E$^2$CM: Early Exit via Class Means for Efficient Supervised and Unsupervised Learning
This work addresses efficiency challenges in neural network training for low-power devices, such as in wireless edge networks, offering an incremental improvement over existing early exit methods.
The paper tackles the problem of high training costs in early exit mechanisms for neural networks by proposing E^2CM, a technique based on class means that avoids gradient-based training and network modifications. The results show that E^2CM achieves higher accuracy than existing methods under fixed training time budgets and can boost performance when combined with other schemes, with evaluations on datasets like CIFAR-100 and ImageNet.
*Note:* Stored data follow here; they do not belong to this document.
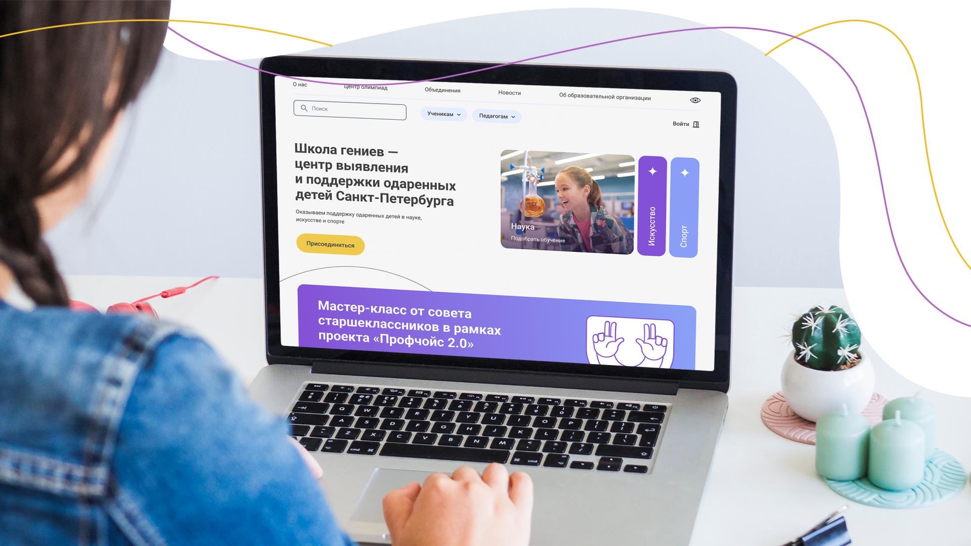 Школа гениев (NDA) — образовательный портал для знакомства пользователей с направлениями деятельности и продуктами школы, налаживания обратной связи с ними, повышения лояльности аудитории, узнаваемости учреждения в системе образования.
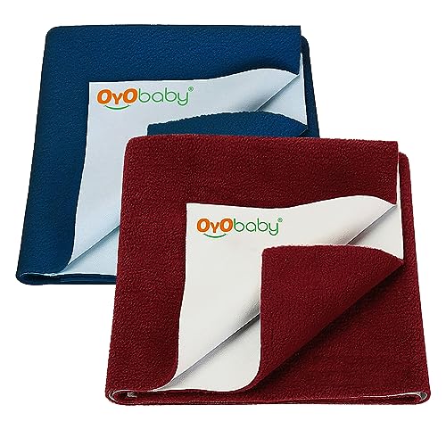 OYO BABY Extra Absorbent Waterproof Baby Dry Sheet Medium Size (100 x 70cm) Pack of 2 | Quick Dry Sheet for New Born Baby Bed Protector, Soft & Breathable Rubber Sheet for Bed|Dark Sea Blue - Maroon
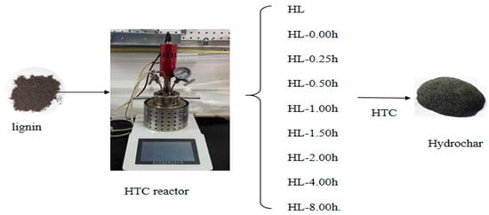 20]. On one basis, this paper discusses the influence of different holding time on aromaticity and calorific value, as well as the changes of physicochemical properties and aromatization mechanism of hydrochar, so as to provide theoretical basis for the research and development of efficient carbon aromatization system. This novel point is to explore the influence of the change of holding time on the aromatic degree and calorific value of hydrochar. The evolution process of chemical structure and physical form of hydrochar is discussed through ultra-fine time grouping, which provides mechanism research and theoretical support for realizing high-energy utilization of lignin. At the same time, the influence of hydrothermal carbonization reaction conditions on the chemical structure of hydrochar is a recent research hotspot. In this paper, by adjusting the holding time, the aromatization process of lignin during hydrothermal carbonization and the change rule of the aromatization degree of the product-hydrochar are studied by adjusting the holding time, and the change of the physicochemical properties and aromatization mechanism of hydrochar with the holding time were deeply explored, aiming to improve the theoretical support for the research and development of efficient utilization technology of lignin.
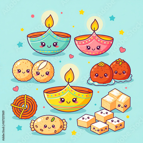Naklejka premium Cute cartoon seamless pattern with animals fruits and fun icons for children wallpaper and design illustration.
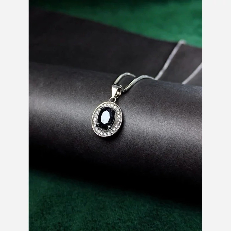 مدال نقره جواهری یاقوت کبود اصل (بدون زنجیر) زنانه
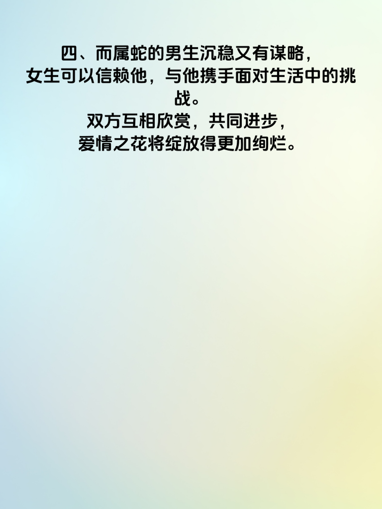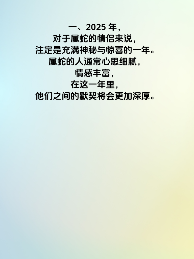 一、2025 年,对于属蛇的情侣来说,注定是充满神秘与惊喜的一年。属蛇的人通常心思细腻,情感丰富,在这一年里,他们之间的默契将会更加深厚。 二、神秘的气息围绕着他们,让彼此更加好奇与吸引。他们懂得在相处中保持适度的距离,给对方空间去思考和成长,这种智慧的相处方式,让爱情更加稳固。 三、在共同探索爱情奥秘的道路上,他们会发现彼此的闪光点。属蛇的女生敏感且聪慧,男生要学会倾听她的心声,给予她足够的理解和支持。 四、而属蛇的男生沉稳又有谋略,女生可以信赖他,与他携手面对生活中的挑战。双方互相欣赏,共同进步,爱情之花将绽放得更加绚烂。 五、2025 年,属蛇情侣将凭借着神秘的默契,在爱情的旅程中书写属于他们的美好篇章,共同领略爱情的无尽奥秘。
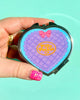 Never be without your meds again! This portable pill container is perfect for bringing your lactaid and ibuprofen with you wherever you go! It has a secure closure to prevent spills, a divided internal space to keep things organized, and even has a mirror in the lid!
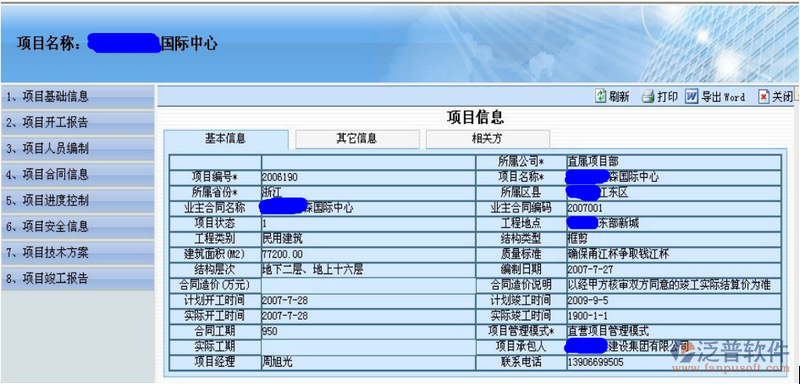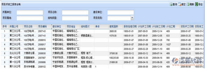 工程基本信息臺帳:查詢在建工程信息情況。此處信息取自業(yè)主合同登記中的工程信息。查詢界面如下圖所示:

State-of-the-art neural networks with early exit mechanisms often need considerable amount of training and fine tuning to achieve good performance with low computational cost. We propose a novel early exit technique, Early Exit Class Means (E$^2$CM), based on class means of samples. Unlike most existing schemes, E$^2$CM does not require gradient-based training of internal classifiers and it does not modify the base network by any means. This makes it particularly useful for neural network training in low-power devices, as in wireless edge networks. We evaluate the performance and overheads of E$^2$CM over various base neural networks such as MobileNetV3, EfficientNet, ResNet, and datasets such as CIFAR-100, ImageNet, and KMNIST. Our results show that, given a fixed training time budget, E$^2$CM achieves higher accuracy as compared to existing early exit mechanisms. Moreover, if there are no limitations on the training time budget, E$^2$CM can be combined with an existing early exit scheme to boost the latter's performance, achieving a better trade-off between computational cost and network accuracy. We also show that E$^2$CM can be used to decrease the computational cost in unsupervised learning tasks.